STORED DATA section start

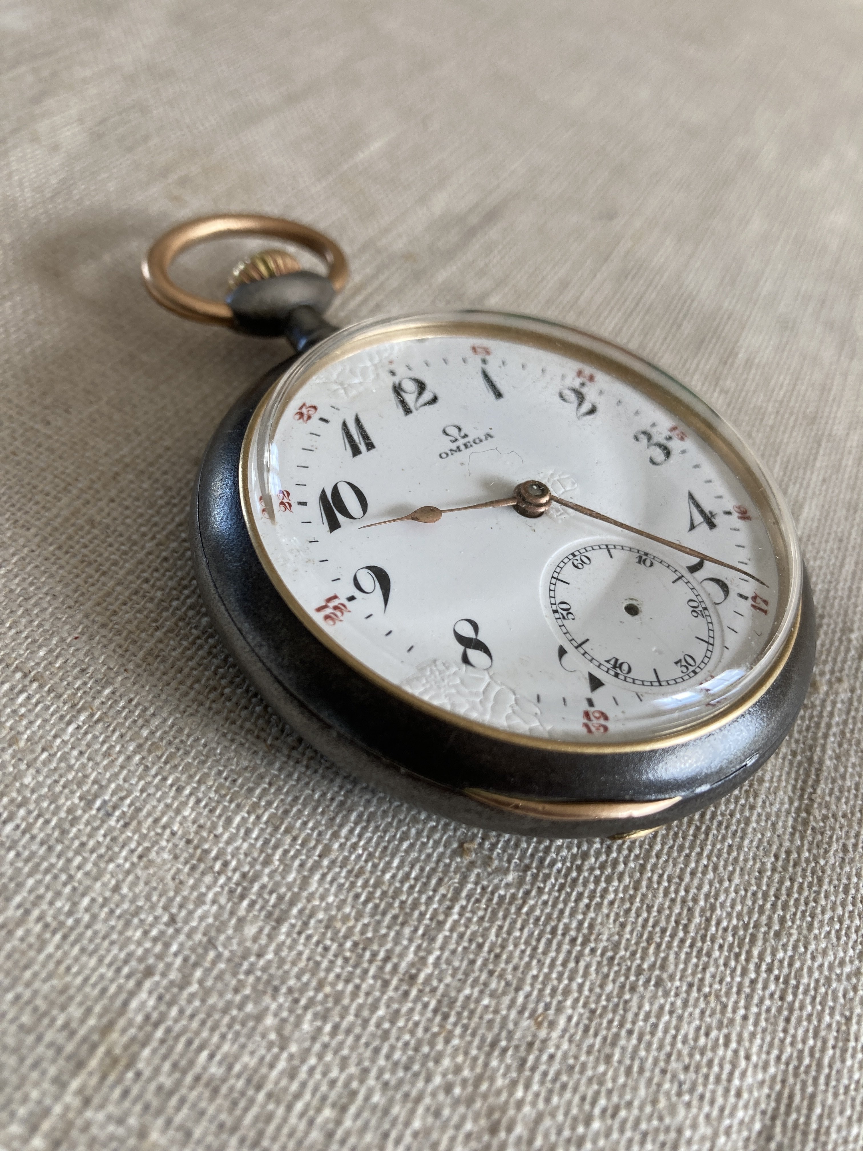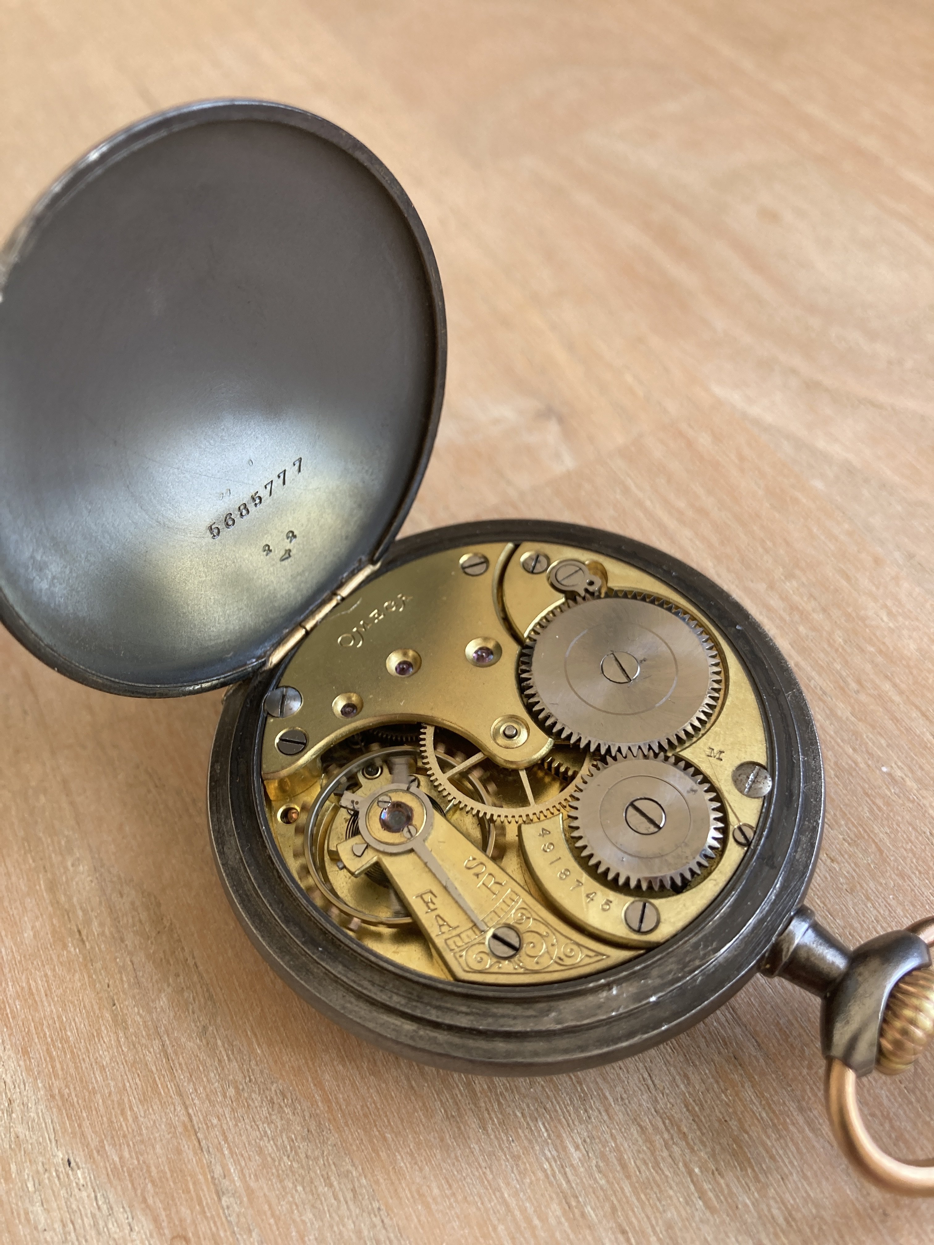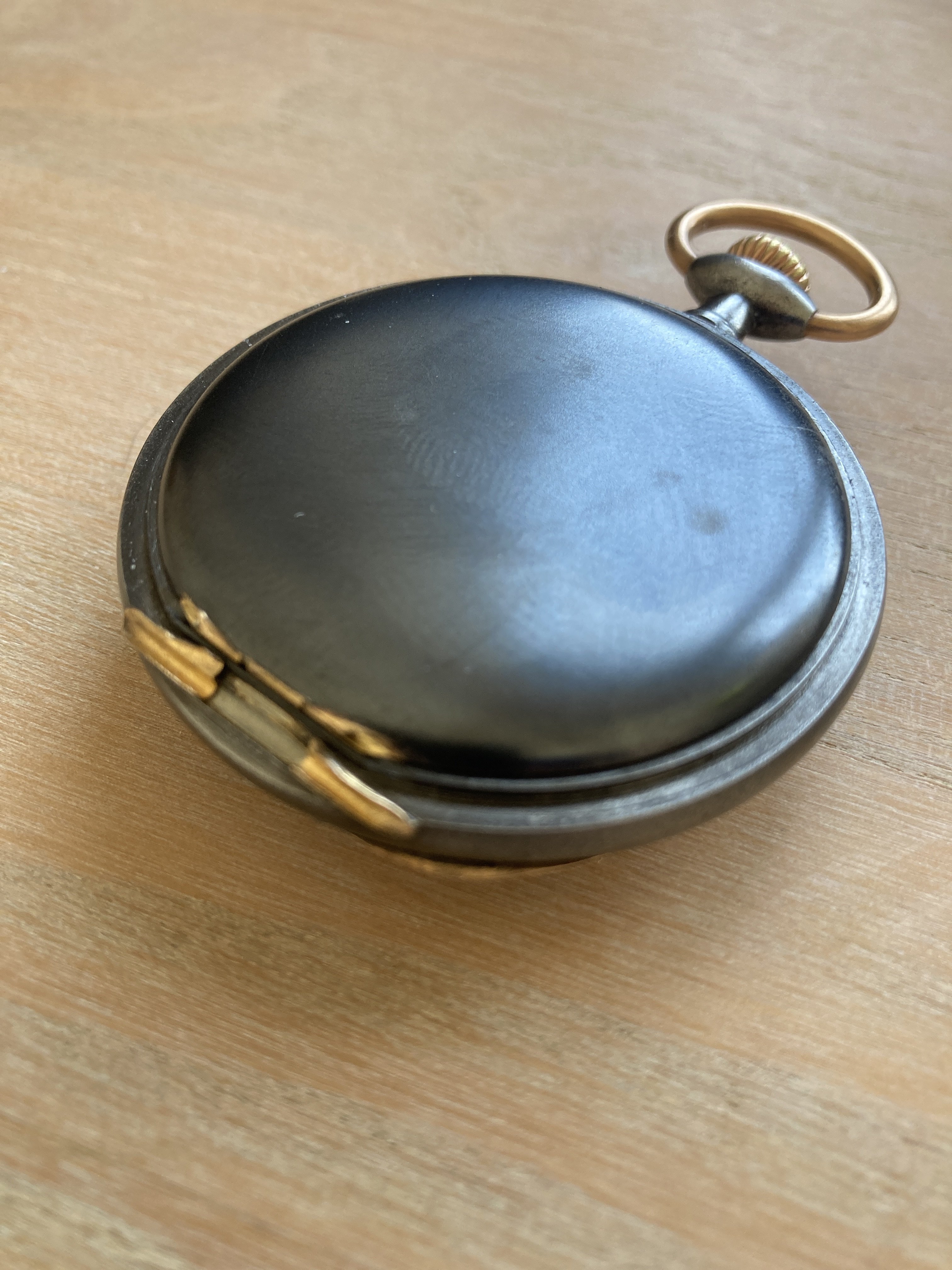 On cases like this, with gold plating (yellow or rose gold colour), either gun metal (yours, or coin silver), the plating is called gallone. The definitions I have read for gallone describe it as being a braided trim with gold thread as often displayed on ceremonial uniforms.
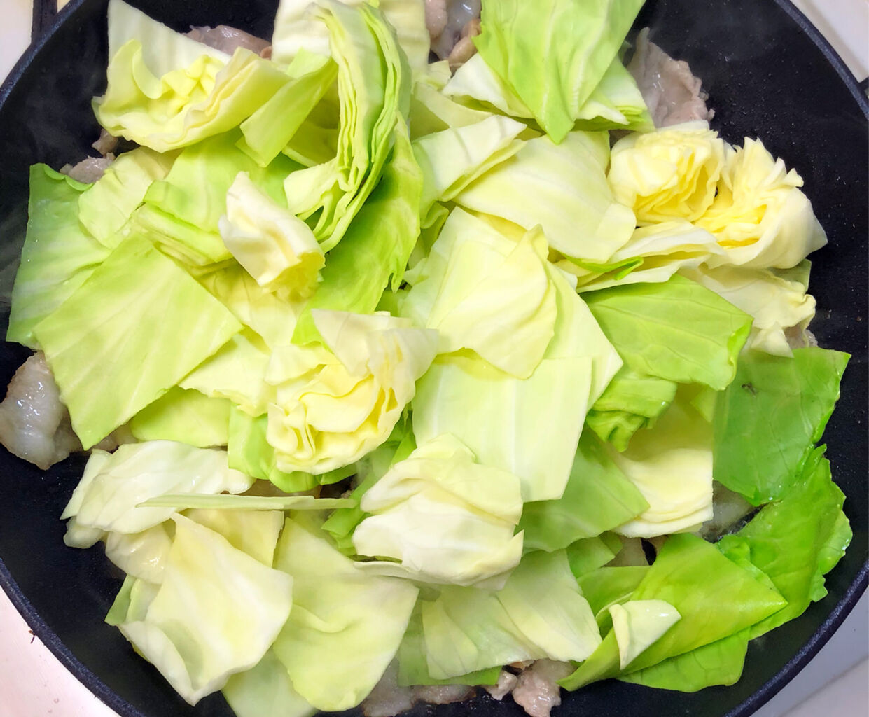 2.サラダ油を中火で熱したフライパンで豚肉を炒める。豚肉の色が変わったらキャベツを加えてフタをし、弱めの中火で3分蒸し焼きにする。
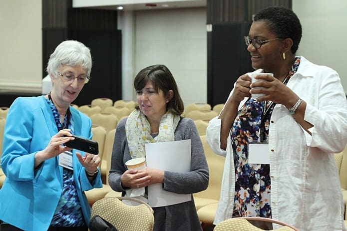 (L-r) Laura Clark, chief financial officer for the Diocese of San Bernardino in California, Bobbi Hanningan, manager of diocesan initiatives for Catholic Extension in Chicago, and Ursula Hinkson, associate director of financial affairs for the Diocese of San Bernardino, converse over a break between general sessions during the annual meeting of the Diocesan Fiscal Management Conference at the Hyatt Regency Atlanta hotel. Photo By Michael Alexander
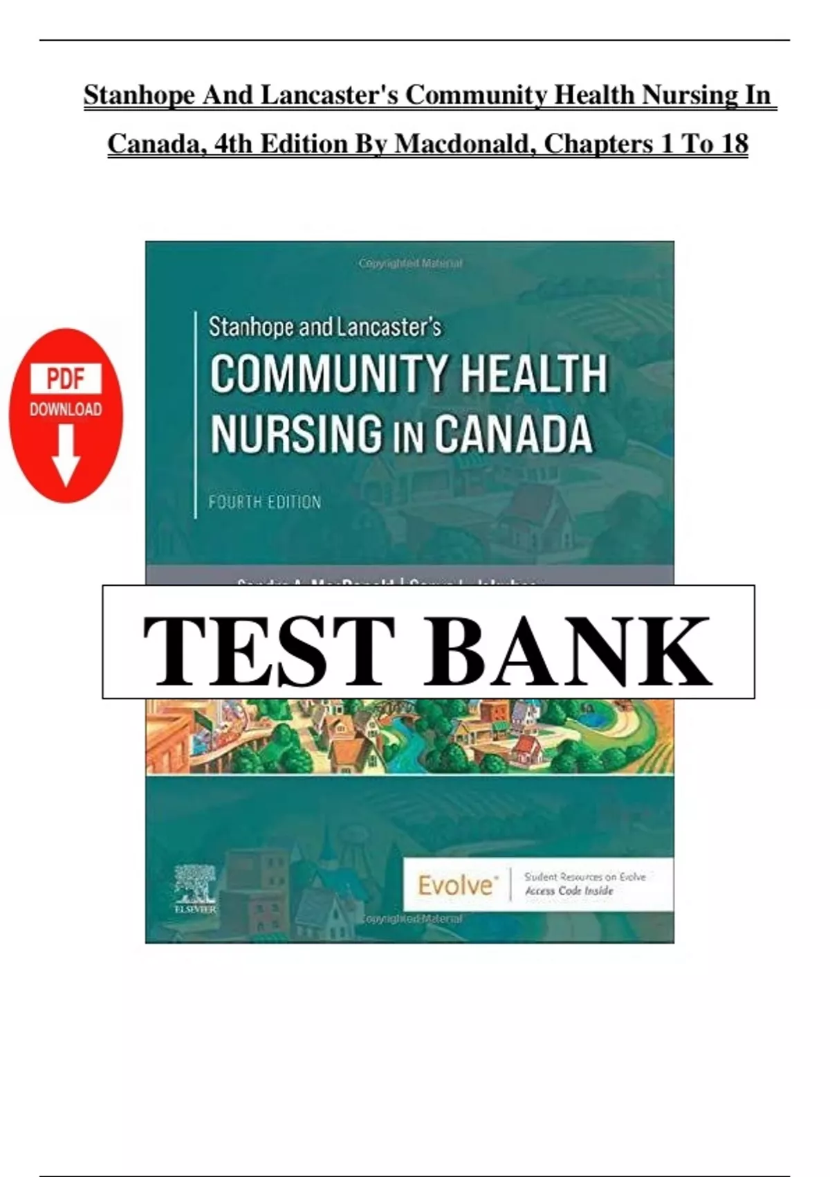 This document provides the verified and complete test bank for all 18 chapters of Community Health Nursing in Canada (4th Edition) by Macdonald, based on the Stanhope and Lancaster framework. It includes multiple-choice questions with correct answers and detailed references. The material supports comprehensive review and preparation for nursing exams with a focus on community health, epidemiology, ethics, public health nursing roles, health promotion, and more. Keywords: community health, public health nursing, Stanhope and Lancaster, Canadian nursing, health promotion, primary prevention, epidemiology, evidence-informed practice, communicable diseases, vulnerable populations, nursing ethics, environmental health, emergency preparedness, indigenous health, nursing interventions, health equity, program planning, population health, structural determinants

STORED DATA section end

[WORK REQUIRED] Repeat the material above in full and exactly, omitting the pictures.

[OUTPUT]
 On cases like this, with gold plating (yellow or rose gold colour), either gun metal (yours, or coin silver), the plating is called gallone. The definitions I have read for gallone describe it as being a braided trim with gold thread as often displayed on ceremonial uniforms.
 2.サラダ油を中火で熱したフライパンで豚肉を炒める。豚肉の色が変わったらキャベツを加えてフタをし、弱めの中火で3分蒸し焼きにする。
 (L-r) Laura Clark, chief financial officer for the Diocese of San Bernardino in California, Bobbi Hanningan, manager of diocesan initiatives for Catholic Extension in Chicago, and Ursula Hinkson, associate director of financial affairs for the Diocese of San Bernardino, converse over a break between general sessions during the annual meeting of the Diocesan Fiscal Management Conference at the Hyatt Regency Atlanta hotel. Photo By Michael Alexander
 This document provides the verified and complete test bank for all 18 chapters of Community Health Nursing in Canada (4th Edition) by Macdonald, based on the Stanhope and Lancaster framework. It includes multiple-choice questions with correct answers and detailed references. The material supports comprehensive review and preparation for nursing exams with a focus on community health, epidemiology, ethics, public health nursing roles, health promotion, and more. Keywords: community health, public health nursing, Stanhope and Lancaster, Canadian nursing, health promotion, primary prevention, epidemiology, evidence-informed practice, communicable diseases, vulnerable populations, nursing ethics, environmental health, emergency preparedness, indigenous health, nursing interventions, health equity, program planning, population health, structural determinants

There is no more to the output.